Ironic

[RFE] Allow specifying a maximum time allowed per clean step

Bug #1611137 reported by Mario Villaplana on 2016-08-08

This bug affects 1 person

Affects		Status	Importance	Assigned to	Milestone
	Ironic	Triaged	Wishlist	Unassigned

Bug Description

Currently, there's no way to automatically abort a clean step that's taking longer than expected.

This has a number of problems:

* Nodes can get stuck on a particular clean step for long periods of time if they never make it to the "CLEANWAIT" state (see this bug: https://bugs.launchpad.net/ironic/+bug/1611135)
* There's no way to automatically detect potential issues with nodes that may be non-fatal. For example, if a disk takes N hours to erase but we only expect it to take N-3, the clean step may succeed, but the disk might have degraded performance that is unacceptable for a provisioned node to have.
* The clean_callback_timeout, while useful for detecting problems with cleaning after a transition to CLEANWAIT, is too generic.

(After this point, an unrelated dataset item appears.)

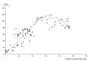 Actual traffic data is often much noisier than idealized models suggest. However, what we tend to see is that as density rises, speed is unchanged to a point (capacity) and then begins to drop if it is affected by downstream traffic (queue spillbacks). For a single link, the relationship between flow and density is thus more triangular than parabolic. When we aggregate multiple links together (e.g. a network), we see a more parabolic shape.

An operator may want cleaning to fail on a fast clean step after 1 minute and on a slow clean step after 24 hours.

One potential way to do this is to let hardware manager creators specify a "timeout" field when defining a clean step, similar to how the "abortable" field was added. If a clean step exceeds that value, the node will be placed in CLEANFAIL after the specified amount of time has elapsed without that clean step successfully finishing.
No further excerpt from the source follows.